# lost toobars in reply/create thread boxes?



## youngoldbloke (2 Jan 2014)

Where have they gone - editing, smilies insert link etc toolbars have disappeared?


----------



## Biker Joe (2 Jan 2014)

youngoldbloke said:


> Where have they gone - editing, smilies insert link etc toolbars have disappeared?


Mine is OK


----------



## youngoldbloke (2 Jan 2014)

Just found out OK on desktop computer, but not on laptop. Why?


----------



## Shaun (2 Jan 2014)

On the laptop - can you see the text *Use Rich Text Editor* at the bottom of the editor window?

If so, click it and you should get the icons / toolbars back. If not, check you have java installed as they won't work without it.

Alternatively, if you have a different browser installed on the laptop, use that to test whether CC works as expected?

Cheers,
Shaun


----------



## ColinJ (2 Jan 2014)

Shaun said:


> On the laptop - can you see the text *Use Rich Text Editor* at the bottom of the editor window?
> 
> If so, click it and you should get the icons / toolbars back. If not, check you have java installed as they won't work without it.
> 
> ...


I thought they used _Javascript_? 

I'm sure that I disabled Java on this laptop and the icons/toolbar still work.


----------



## youngoldbloke (3 Jan 2014)

Shaun said:


> On the laptop - can you see the text *Use Rich Text Editor* at the bottom of the editor window?
> 
> If so, click it and you should get the icons / toolbars back. If not, check you have java installed as they won't work without it.
> 
> ...



No sign of 'Use Rich Text Editor', or anything elsein reply box. Have now removed exercise ticker etc from sig box as problem arose after putting in 2014 ticker, but no change. IE on this laptop, but seems all OK with firefox on other computer.


----------



## Shaun (3 Jan 2014)

Microsoft have been automatically rolling out IE 11 via Windows Update - which has caused a number of problems and compatibility issues.

You could try putting a "Compatibility Mode" exclusion in for CycleChat:


> Press *Alt*, or right click IE anywhere on the top bar and click menu. After you do either of those, click *Tools* and look for _Compatibility Mode Settings_, then you can manually enter the site that is not working correctly and it should fix the problems for the sites that broke with this release.
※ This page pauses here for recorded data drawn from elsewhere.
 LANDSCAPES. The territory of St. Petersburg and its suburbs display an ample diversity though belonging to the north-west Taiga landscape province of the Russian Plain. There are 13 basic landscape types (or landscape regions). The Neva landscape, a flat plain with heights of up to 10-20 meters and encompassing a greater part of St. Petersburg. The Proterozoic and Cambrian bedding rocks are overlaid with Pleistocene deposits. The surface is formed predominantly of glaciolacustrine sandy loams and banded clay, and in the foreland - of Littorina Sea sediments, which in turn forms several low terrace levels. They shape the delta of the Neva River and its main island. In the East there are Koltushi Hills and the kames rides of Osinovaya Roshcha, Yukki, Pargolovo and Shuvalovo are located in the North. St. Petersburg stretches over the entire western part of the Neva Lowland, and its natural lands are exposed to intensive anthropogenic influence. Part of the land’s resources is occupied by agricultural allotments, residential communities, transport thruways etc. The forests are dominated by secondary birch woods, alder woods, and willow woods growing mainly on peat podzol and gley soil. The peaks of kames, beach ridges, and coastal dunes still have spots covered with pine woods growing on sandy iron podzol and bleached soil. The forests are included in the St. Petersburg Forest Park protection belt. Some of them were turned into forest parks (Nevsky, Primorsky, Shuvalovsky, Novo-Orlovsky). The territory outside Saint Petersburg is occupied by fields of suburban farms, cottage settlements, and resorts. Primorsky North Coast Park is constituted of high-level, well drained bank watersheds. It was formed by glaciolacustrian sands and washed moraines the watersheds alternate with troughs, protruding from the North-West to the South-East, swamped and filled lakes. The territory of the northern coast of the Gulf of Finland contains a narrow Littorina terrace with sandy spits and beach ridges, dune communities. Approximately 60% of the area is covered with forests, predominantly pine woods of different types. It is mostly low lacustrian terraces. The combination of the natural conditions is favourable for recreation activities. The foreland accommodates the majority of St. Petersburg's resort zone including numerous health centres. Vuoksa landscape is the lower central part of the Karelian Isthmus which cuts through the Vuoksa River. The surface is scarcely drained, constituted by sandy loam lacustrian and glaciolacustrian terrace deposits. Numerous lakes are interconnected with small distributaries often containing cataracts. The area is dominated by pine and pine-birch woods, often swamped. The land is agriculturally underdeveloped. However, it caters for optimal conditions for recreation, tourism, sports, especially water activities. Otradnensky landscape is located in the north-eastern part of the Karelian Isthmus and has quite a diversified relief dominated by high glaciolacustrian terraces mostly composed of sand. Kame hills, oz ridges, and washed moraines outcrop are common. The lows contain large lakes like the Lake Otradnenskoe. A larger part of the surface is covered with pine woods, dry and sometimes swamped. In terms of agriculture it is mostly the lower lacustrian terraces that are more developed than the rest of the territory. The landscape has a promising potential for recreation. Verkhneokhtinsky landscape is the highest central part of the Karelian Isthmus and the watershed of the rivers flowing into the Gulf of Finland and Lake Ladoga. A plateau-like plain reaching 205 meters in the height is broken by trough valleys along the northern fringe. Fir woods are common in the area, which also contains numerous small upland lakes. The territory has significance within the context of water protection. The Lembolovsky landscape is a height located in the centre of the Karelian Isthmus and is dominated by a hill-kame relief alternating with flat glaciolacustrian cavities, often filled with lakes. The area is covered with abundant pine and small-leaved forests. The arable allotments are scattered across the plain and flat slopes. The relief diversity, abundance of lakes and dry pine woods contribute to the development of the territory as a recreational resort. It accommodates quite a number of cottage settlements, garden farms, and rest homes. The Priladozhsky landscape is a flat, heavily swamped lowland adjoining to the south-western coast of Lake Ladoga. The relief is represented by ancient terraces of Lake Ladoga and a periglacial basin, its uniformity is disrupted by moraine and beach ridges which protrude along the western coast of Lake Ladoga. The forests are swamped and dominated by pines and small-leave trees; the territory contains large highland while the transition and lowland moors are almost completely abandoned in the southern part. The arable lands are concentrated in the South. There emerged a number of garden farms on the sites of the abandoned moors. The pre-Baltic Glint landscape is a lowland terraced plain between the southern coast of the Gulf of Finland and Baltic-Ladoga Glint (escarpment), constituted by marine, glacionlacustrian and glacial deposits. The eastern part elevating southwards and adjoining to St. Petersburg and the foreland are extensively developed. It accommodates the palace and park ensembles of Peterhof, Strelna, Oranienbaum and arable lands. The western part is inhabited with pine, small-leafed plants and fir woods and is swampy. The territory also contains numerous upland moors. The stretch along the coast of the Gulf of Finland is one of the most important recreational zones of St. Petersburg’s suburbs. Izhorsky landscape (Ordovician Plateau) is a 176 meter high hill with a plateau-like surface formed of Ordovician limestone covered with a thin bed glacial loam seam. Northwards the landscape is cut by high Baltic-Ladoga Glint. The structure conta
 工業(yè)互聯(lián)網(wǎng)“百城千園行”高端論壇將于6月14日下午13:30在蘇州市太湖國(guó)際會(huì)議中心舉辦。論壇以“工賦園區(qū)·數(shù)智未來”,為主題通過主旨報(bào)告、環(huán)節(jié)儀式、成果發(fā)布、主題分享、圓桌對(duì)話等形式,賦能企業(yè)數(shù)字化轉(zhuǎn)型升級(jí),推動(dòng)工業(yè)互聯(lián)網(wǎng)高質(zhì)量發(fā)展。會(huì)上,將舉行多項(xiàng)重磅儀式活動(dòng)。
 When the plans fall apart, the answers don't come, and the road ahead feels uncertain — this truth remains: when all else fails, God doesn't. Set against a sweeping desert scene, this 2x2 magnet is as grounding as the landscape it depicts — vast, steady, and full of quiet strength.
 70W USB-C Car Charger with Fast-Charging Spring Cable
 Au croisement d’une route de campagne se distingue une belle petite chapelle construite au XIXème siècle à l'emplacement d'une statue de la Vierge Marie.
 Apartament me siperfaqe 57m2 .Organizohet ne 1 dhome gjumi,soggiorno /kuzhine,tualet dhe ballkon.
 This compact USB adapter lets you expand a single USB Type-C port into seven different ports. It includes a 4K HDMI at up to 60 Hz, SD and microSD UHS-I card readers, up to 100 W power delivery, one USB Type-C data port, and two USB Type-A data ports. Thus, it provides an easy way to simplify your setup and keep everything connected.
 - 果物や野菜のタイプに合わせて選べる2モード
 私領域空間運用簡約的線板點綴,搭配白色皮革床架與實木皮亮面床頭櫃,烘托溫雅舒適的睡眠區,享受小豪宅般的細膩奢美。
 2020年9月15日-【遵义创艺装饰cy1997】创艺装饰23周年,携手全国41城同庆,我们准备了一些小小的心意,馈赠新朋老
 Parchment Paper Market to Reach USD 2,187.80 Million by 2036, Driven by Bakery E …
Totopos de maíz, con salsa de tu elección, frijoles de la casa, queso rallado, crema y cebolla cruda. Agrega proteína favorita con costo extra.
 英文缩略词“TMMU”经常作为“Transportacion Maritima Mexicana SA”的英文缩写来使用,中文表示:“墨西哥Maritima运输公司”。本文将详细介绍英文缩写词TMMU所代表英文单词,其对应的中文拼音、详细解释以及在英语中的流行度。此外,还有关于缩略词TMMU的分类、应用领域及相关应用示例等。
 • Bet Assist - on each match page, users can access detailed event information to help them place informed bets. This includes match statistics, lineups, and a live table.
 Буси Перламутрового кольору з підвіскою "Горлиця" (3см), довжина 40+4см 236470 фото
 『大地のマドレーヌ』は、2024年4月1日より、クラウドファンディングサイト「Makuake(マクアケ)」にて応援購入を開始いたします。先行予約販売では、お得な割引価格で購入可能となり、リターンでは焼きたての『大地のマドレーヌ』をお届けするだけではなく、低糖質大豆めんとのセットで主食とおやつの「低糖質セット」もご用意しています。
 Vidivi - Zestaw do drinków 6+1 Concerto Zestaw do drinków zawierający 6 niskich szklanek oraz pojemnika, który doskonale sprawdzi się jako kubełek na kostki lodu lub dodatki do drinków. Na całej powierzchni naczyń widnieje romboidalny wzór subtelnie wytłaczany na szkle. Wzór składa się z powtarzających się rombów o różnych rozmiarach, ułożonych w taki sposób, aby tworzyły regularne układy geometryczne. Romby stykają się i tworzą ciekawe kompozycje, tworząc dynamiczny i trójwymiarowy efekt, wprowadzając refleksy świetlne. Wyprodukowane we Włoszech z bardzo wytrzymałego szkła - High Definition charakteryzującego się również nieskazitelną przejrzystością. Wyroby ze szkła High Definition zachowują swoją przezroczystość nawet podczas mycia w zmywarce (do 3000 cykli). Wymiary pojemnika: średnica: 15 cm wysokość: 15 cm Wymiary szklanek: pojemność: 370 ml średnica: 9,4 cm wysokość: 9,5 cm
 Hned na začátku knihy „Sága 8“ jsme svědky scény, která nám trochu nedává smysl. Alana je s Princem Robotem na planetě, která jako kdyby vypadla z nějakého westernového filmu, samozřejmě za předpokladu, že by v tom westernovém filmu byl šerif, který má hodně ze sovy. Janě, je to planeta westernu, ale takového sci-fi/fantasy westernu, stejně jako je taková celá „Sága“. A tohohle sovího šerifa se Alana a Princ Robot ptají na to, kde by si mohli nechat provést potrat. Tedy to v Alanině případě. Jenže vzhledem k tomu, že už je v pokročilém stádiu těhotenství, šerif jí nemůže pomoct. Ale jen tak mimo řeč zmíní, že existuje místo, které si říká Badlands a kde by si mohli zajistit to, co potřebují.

Alternatively try installing Firefox on the laptop.

Cheers,
Shaun


----------



## youngoldbloke (3 Jan 2014)

Thanks Shaun, Cycle Chat was excluded, and I removed it, now all seems to be working again  (smiley to prove it!)


----------



## Shaun (3 Jan 2014)

youngoldbloke said:


> Thanks Shaun, Cycle Chat was excluded, and I removed it, now all seems to be working again  (smiley to prove it!)



Result!


----------